American entrepreneur (1941-2011)

Roy Jack Mankovitz (1941–2011) was an American entrepreneur. Mankovitz worked as a lawyer, inventor, entrepreneur, and author.

==Education==
Born in New York City, Mankovitz attended Brooklyn Technical High School before graduating with a degree in engineering science from Columbia University's School of Engineering and Applied Science. Mankovitz also graduated from the University of LaVerne College of Law with a Juris Doctor degree, was a member of the California and Federal Bar, and a licensed patent attorney.

==Engineering career==
Mankovitz joined Rocketdyne, then a division of North American Aviation, to design electrical control systems for rockets. He designed and developed engine control systems for Gemini and Apollo spacecraft and the Lunar Descent engine, developed digital solenoid valve drivers that enabled the control of large valves with a minimum of electrical power.

A few years later, Mankovitz joined the Guidance and Control Division at Jet Propulsion Laboratory, where he authored computer programs and designed control systems for Mars landing vehicles and deep space probes. He advanced to become the division representative to the Advance Technical Studies Group and authored several NASA publications in the field. He also served as a consultant to the U.S. Air Force in the evaluation of Soviet spacecraft design. When he began his career in the field of rocket science, the traditional approach to modeling the behavior of spacecraft was to use analog computers as the tool of choice. He chose to replace the analog computer by emulating its behavior on a digital computer, and then proceeding from there.

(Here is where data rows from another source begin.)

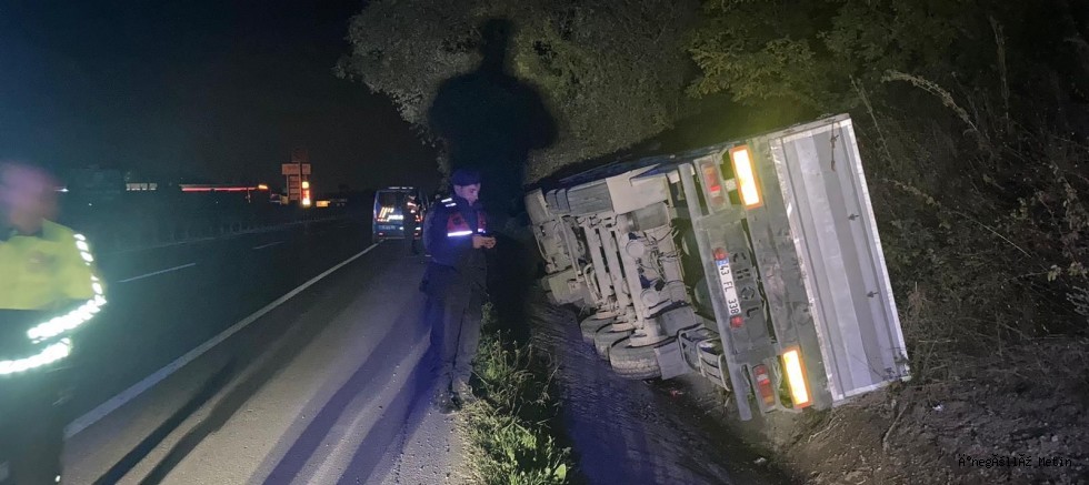 Bayram G. İdaresindeki 43 AEA 670 plakalı tır, seyir halindeyken sürücüsünün direksiyon hakimiyetini kaybetmesinin ardından kontrolden çıkarak devrildi.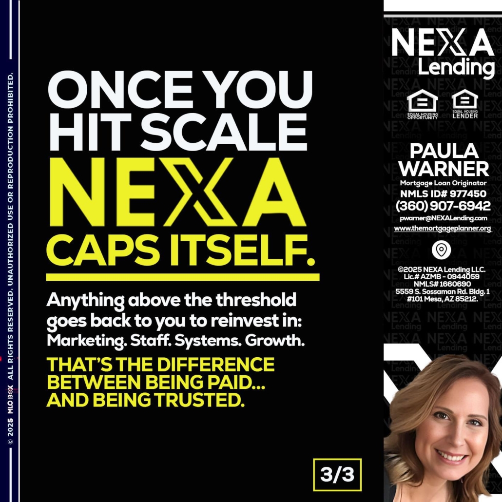 Hi, my name is Paula Warner. I’m a Loan Officer with NEXA Lending LLC., offering personalized mortgage solutions, fast customized quotes, great rates and service with integrity.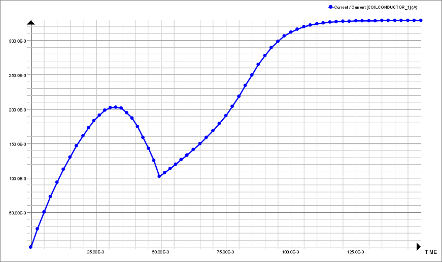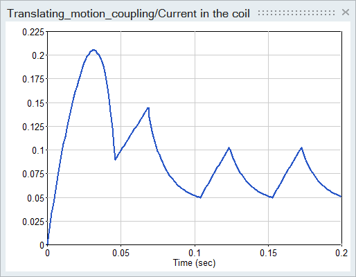 The scopes in the Twin Activate model plot the simulation results of the current fed into the coil of the plunger.Figure 4. Current/Coil Conductor_1 (A) Without Regulation Figure 5. Current Coil Conductor With Regulation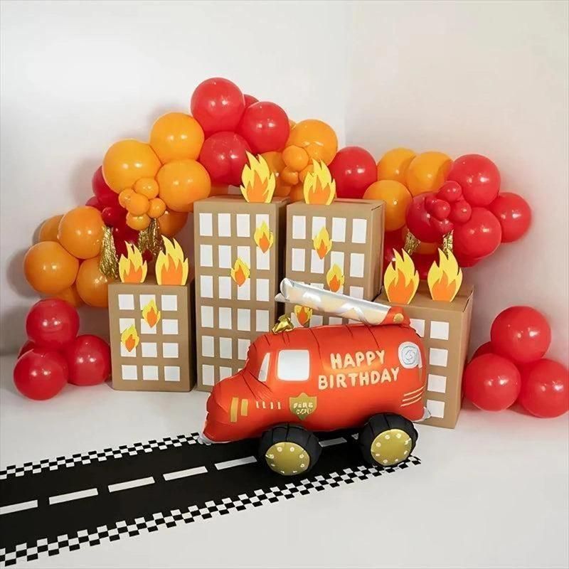 【Party Deco】自立式 消防車 バルーン 【ぺしゃんこでお届け】フィルム風船 ガス無し (FB240)

In 1968, Mankovitz took a position as director of engineering at a division of Teledyne, which produced electromechanical relays, where he developed and patented the first commercially produced solid state relays. Mankovitz was awarded several patents in the field.

==Entrepreneurship==
Mankovitz co-founded Chardonnay Corporation, which designed and produced remote-controlled systems that automated the operation of spas and swimming pools.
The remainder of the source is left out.